The ASX200 slumped below 5900 at the open and at 12.50 (AEDT) it was at 5,818.20, down 119.00 points or 2%.
The Nikkei 225 fell just over 3% when markets opened in Tokyo.
Mining companies on the ASX have been smashed, with BHP, the world’s biggest mining company, down almost 4% to $28.57 and Rio Tinto down 4.6% to $73.23.
All the big four banks were sliding. The ANZ was at $27.69, a 1.7% fall.

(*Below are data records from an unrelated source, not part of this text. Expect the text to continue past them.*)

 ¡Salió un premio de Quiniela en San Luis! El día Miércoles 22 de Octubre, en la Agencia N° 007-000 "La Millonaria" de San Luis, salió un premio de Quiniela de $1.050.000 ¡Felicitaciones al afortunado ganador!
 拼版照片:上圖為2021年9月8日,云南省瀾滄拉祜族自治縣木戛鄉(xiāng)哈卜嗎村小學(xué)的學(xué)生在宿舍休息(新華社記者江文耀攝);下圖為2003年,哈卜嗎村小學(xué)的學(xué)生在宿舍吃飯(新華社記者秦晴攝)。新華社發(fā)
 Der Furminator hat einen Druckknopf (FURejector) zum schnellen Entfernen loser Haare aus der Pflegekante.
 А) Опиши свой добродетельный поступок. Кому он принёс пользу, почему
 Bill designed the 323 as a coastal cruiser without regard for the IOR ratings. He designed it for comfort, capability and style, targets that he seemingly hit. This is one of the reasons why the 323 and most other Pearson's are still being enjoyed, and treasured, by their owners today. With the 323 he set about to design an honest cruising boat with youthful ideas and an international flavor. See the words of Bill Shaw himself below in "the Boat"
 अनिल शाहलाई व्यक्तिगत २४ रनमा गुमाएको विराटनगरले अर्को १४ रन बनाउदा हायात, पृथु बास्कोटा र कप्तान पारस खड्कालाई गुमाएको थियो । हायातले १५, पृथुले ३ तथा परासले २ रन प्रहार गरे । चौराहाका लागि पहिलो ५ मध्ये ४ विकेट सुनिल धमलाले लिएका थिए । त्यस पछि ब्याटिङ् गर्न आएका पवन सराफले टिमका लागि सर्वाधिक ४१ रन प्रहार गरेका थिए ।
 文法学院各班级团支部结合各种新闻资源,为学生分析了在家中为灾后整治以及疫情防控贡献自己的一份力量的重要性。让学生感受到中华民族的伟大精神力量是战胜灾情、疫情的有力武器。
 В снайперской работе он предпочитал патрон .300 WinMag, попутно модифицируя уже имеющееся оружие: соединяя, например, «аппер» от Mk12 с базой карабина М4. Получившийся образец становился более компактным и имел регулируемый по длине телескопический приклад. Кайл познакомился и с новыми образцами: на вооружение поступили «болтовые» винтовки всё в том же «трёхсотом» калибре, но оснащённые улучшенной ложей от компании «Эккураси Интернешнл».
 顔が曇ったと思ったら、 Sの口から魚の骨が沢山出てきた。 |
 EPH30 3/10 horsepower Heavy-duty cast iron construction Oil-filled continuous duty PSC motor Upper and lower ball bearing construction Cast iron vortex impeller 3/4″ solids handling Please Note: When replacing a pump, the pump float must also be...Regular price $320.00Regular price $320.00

Bonds are rallying, with the yield on the benchmark 10-year Australian government bond tightening from just under 2.7% to 2.65%, signalling market demand for safe-haven assets. US 10-year Treasuries are also bid, with the yield falling from as high as 2.93% to 2.81%. (Yields fall when bond prices rise.)
Bluescope Steel was down 4.7% to $14.96.
Among retailers, department store Myer fell 8.3% to $0.362 and JB Hi-Fi 2.2% to $25.63.

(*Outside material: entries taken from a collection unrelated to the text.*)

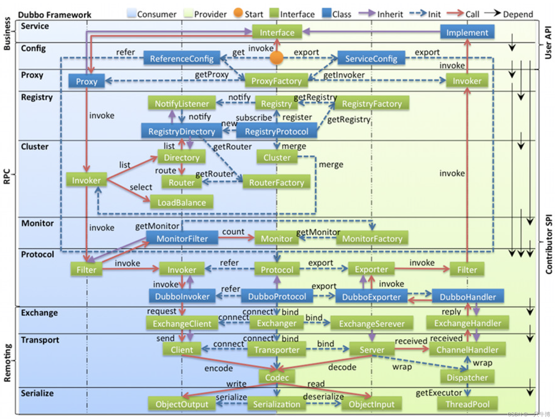 - 图中左边淡蓝背景的为服务消费方使用的接口,右边淡绿色背景的为服务提供方使用的接口,位于中轴线上的为双方都用到的接口。
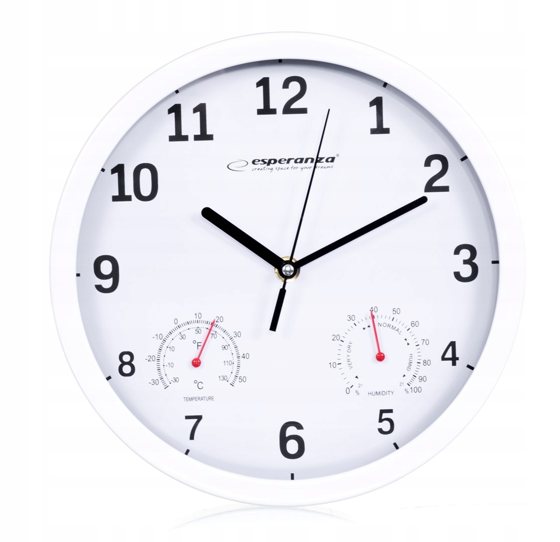 Настінні годинники Esperanza LYON EHC016W білі - це елегантний і функціональний годинник, який ідеально впишеться в будь-який інтер'єр. Він створений для тих, хто цінує не тільки точність показань, а й сучасний дизайн. Завдяки можливості вимірювання температури та вологості повітря цей годинник не тільки інформує про час, а й надає додаткову інформацію про навколишнє оточення. Виготовлений із міцних матеріалів, таких як пластик і скло, він характеризується високою якістю виготовлення. Його мінімалістичний дизайн білого зробить його ідеальним доповненням до будь-якого інтер'єру.
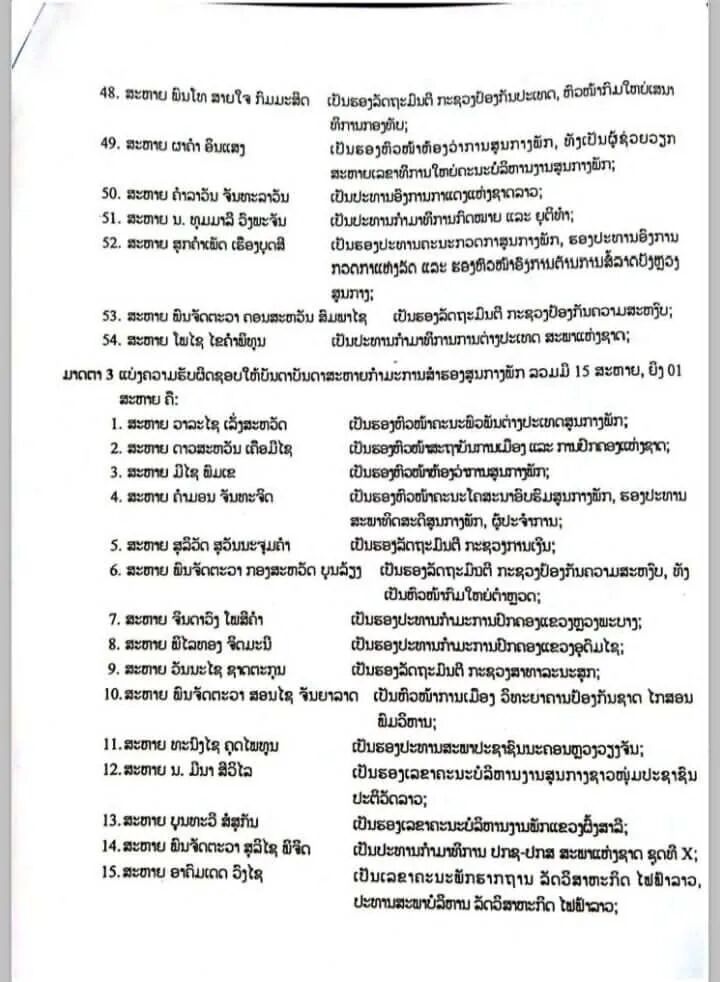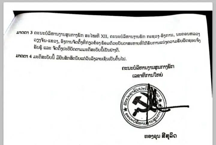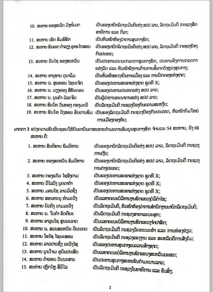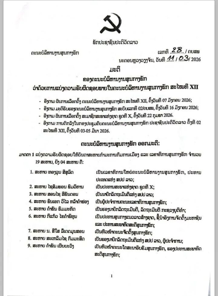 据老挝人民革命党中央委员会2026年3月11日发布的中央委员会28号决议,老挝党中央委员会根据第十二届全国代表大会、第十二届一中全会及第十届国会选举结果,经第十二届中央委员会第二次全体会议(3月3日至5日)审议决定,正式公布了第十二届中央领导机构的分工名单。此次分工涉及政治局委员、中央书记处书记、中央委员及中央候补委员,明确了新一届党和国家领导人的具体职责。
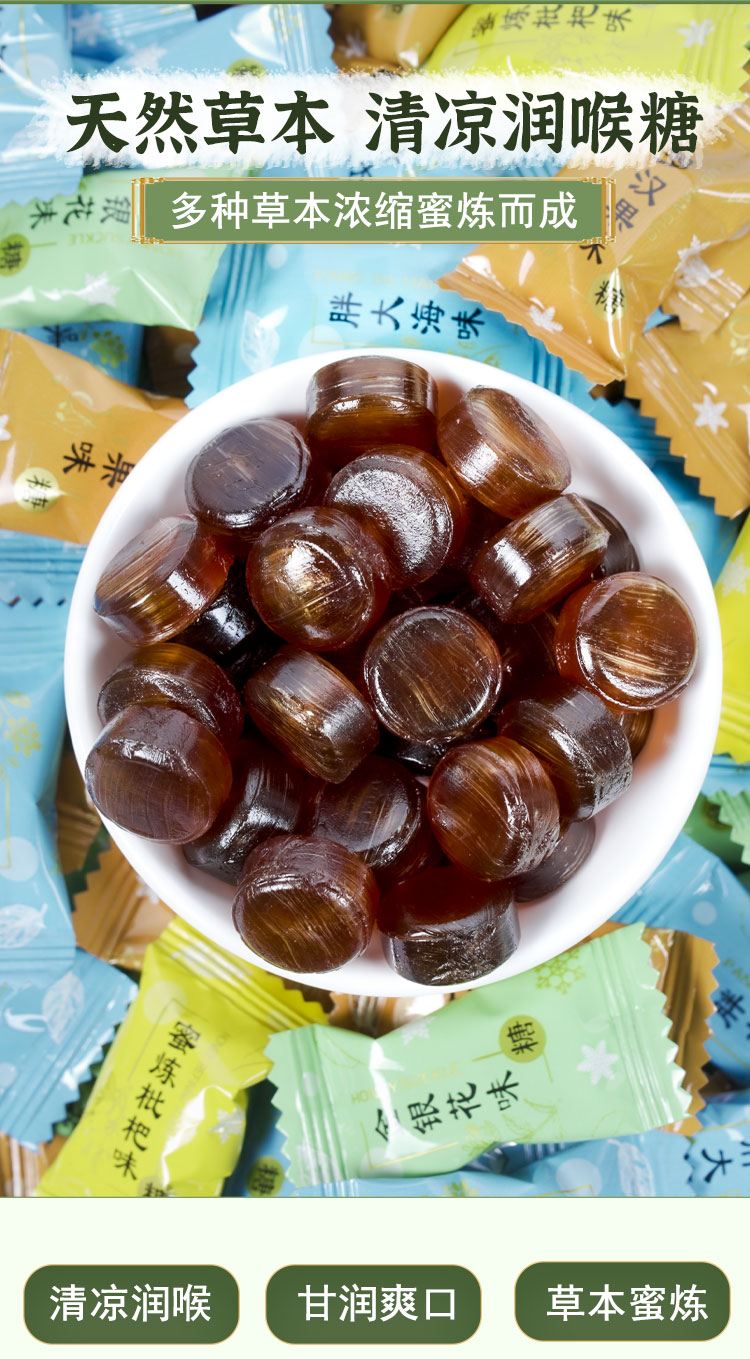 金銀花胖大海枇杷羅漢果潤喉糖清涼護嗓清新口氣薄荷糖果零食批發

US President Donald Trump signed a memorandum overnight that could impose tariffs on up to $US60 billion of Chinese imports.

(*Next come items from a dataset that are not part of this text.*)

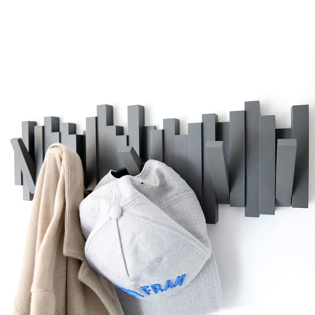 Umbra Stäbchen Garderobenhaken – Moderne und Platzsparende Garderobenleiste mit 5 Beweglichen Haken für Jacken, Mäntel, Schals, Handtaschen und Mehr, Anthrazit
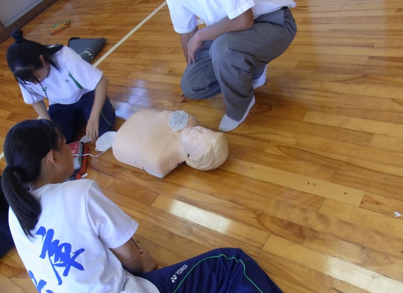 7月19日金曜日、運動部員を対象に、AED(自動体外式除細動器)を使用した心肺蘇生法の講習会を行いました。4つのグループに分かれて養護教諭の指導のもと、参加者全員がAEDを使用した心肺蘇生法を実践訓練しました。暑い中、全員が一生懸命講習に取り組みました。
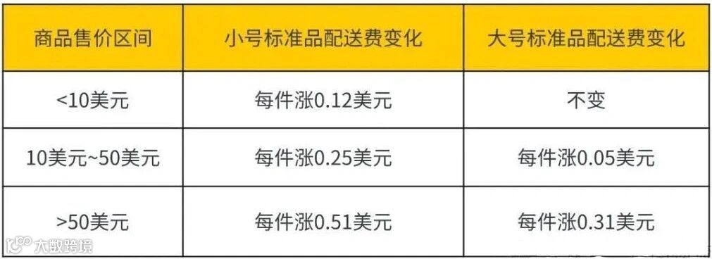 • 标准尺寸商品:若采用"单仓入库"模式,单件商品平均附加费上调0.05美元;
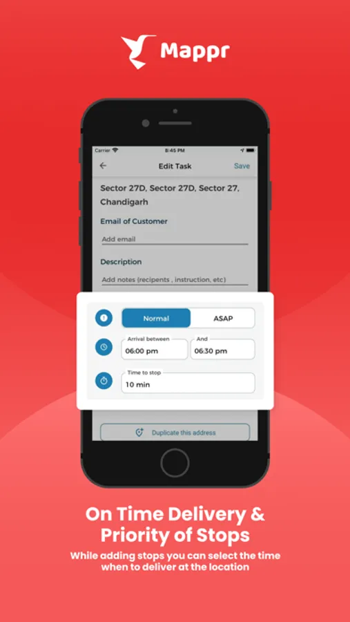 -Stops will be given priority and will be completed at the start of the route if they are marked as ASAP.
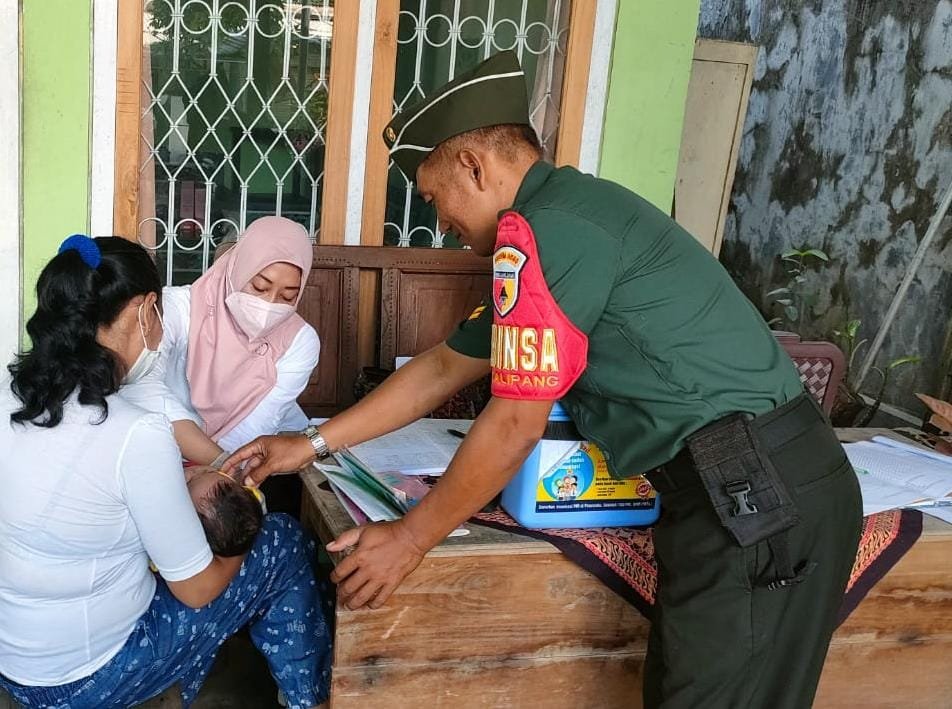 Dalam rangka mendukung program pemerintah, Babinsa Koramil 0808/09 Sutojayan Kodim 0808/Blitar Sertu Buadi, melaksanakan kegiatan pendampingan Posyandu balita, bertempat di rumah Bapak Jito Ketua RT. 04 RW. 01 Lingkungan Brubuh Kel. Kalipang Kec. Sutojayan Kab. Blitar, Rabu (05/04/2023).

The Dow Jones index closed 2.9% lower and the tech-heavy Nasdaq fell by 1.8%.
“Stocks were pulverised and industrial commodities sank on the announcement of US tariff barriers aimed at China,” said CMC Markets chief market strategist Michael McCarthy in a note ahead of the start of trade. “China’s response was swift and uncharacteristically blunt, and investors rushed for safety, driving bonds and gold higher. While the sanctions may later prove a negotiating tactic the impact on Asia Pacific markets today will be dramatic.”
Nick Twidale, COO at Rakuten Securities Australia, said: “Further uncertainty and increased tensions will only lead to further downside to the stock markets and to risk appetite.”